> What is being asked
Output exactly the lines below from the one containing "Con los ojos" to the last line, both included. Omit pictures.

> Exercise data
↓

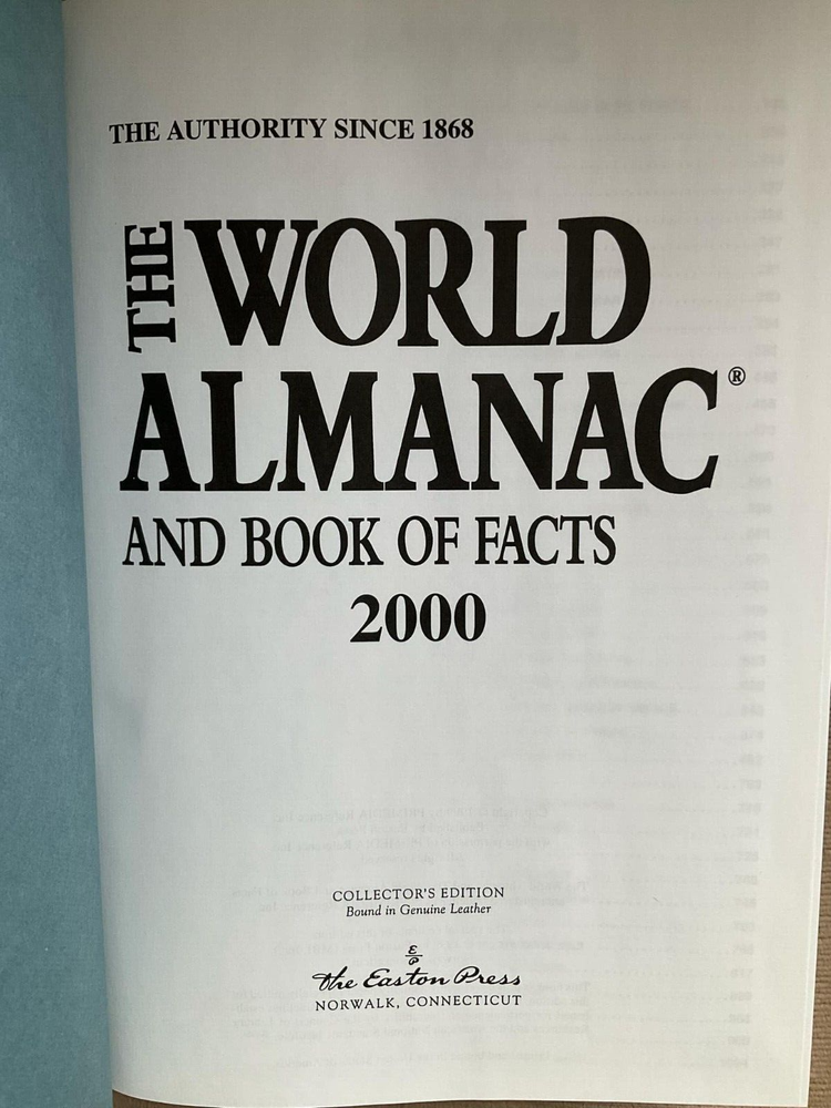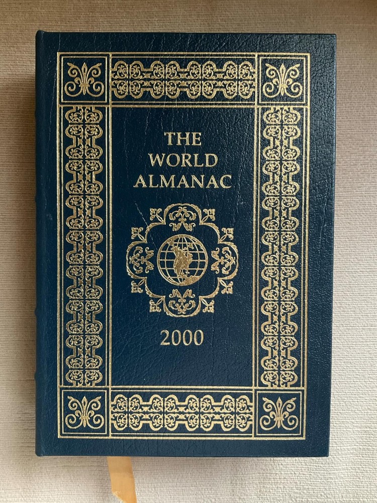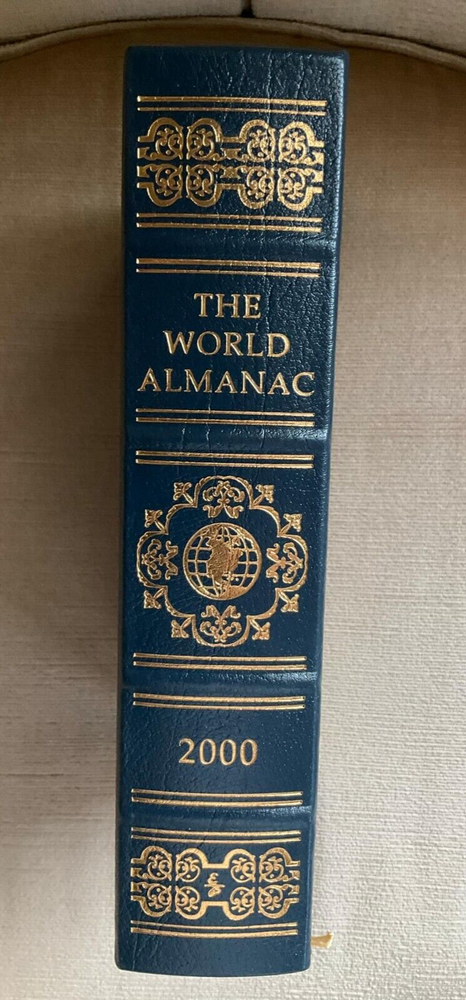 You are bidding on a magnificent book titled World Almanac 2000. Published by The Easton Press. This book is from the Collector's Edition Bound in Genuine Leather. It is a beautiful book! This book is a wealth of information with over 1,000 pages!!! Condition: On inside front cover is a gift inscription written on November 8, 2000. Aside from a tiny bit of discoloration to foredge (refer to picture), book remains in near-fine condition. Accented in 22kt gold, printed on archival paper with gilded edges, smyth sewing & concealed muslin joints. Bound In full leather with hubbed spines. Book is in near-fine condition. It's a beauty! Easton Press books are for people for whom the literary experience is enhanced by beholding, touching, and smelling magnificently-crafted masterpieces of literature. They become cherished books of a collection. Features of Easton Press books are: Very beautiful and collectible! Would make a terrific addition to a collection. (Inventory: 229) Track Page Views With Auctiva's FREE Counter
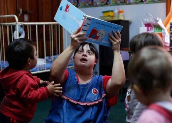 Con los ojos muy abiertos, los pequeños siguen el cuento que les narra Noelia Garella. Ninguno sabe que ante sí tiene a la primera persona con síndrome de Down que trabaja como maestra de preescolar en Argentina, y una de las pocas en el mundo.
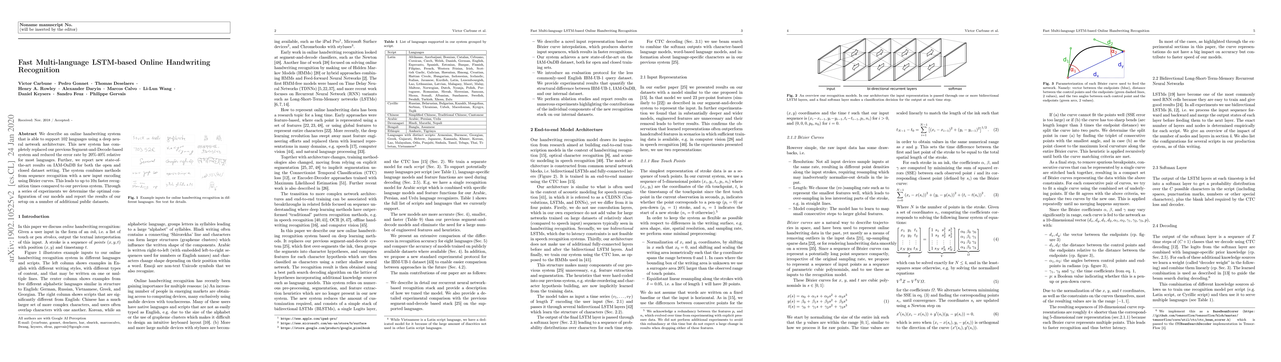 This paper presents a fast multi-language LSTM-based online handwriting recognition system that supports 102 languages, significantly reducing error rates by 20%-40% and achieving state-of-the-art results on the IAM-OnDB dataset. The new system employs sequence recognition methods and Bézier curve encoding for up to 10x faster recognition times compared to previous segment-and-decode-based systems.
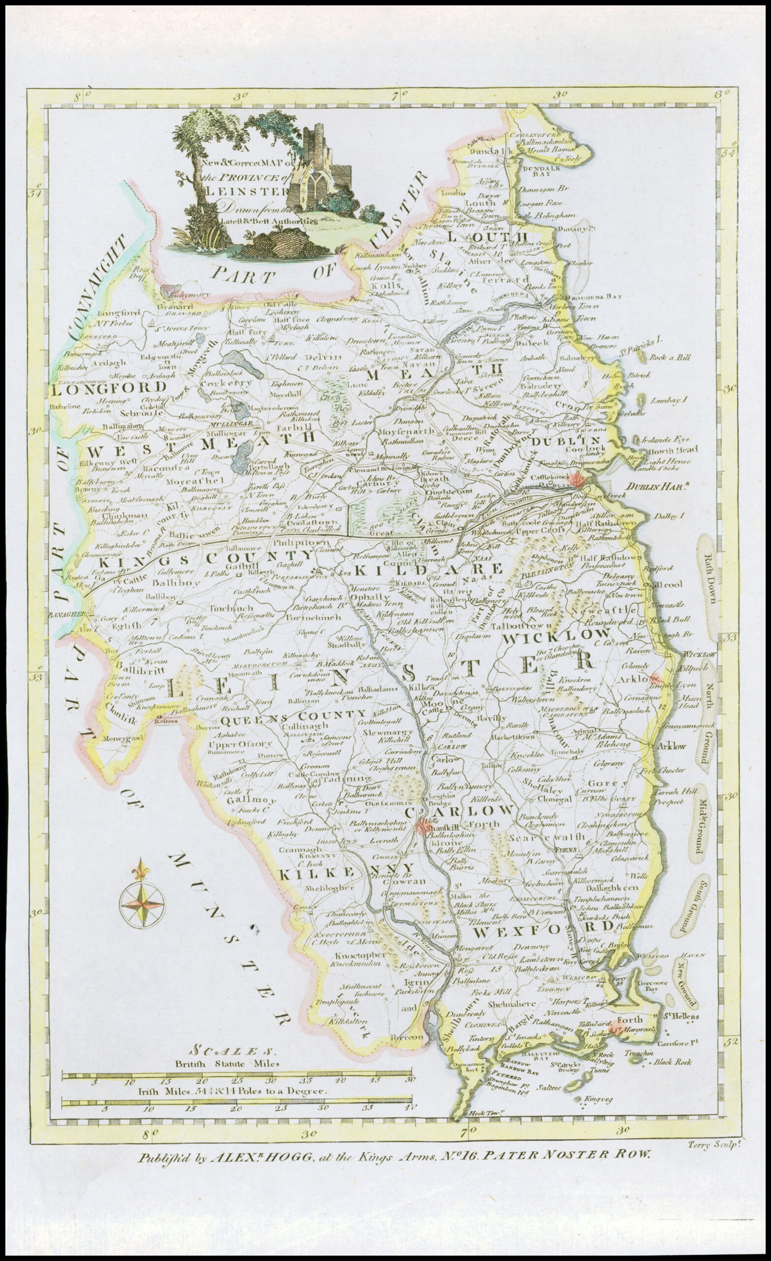 c1786 "A New & Correct Map of the PROVINCE of LEINSTER Drawn from the Latest & Best Authorities".

↑

> Solution for this task
 Con los ojos muy abiertos, los pequeños siguen el cuento que les narra Noelia Garella. Ninguno sabe que ante sí tiene a la primera persona con síndrome de Down que trabaja como maestra de preescolar en Argentina, y una de las pocas en el mundo.
 This paper presents a fast multi-language LSTM-based online handwriting recognition system that supports 102 languages, significantly reducing error rates by 20%-40% and achieving state-of-the-art results on the IAM-OnDB dataset. The new system employs sequence recognition methods and Bézier curve encoding for up to 10x faster recognition times compared to previous segment-and-decode-based systems.
 c1786 "A New & Correct Map of the PROVINCE of LEINSTER Drawn from the Latest & Best Authorities".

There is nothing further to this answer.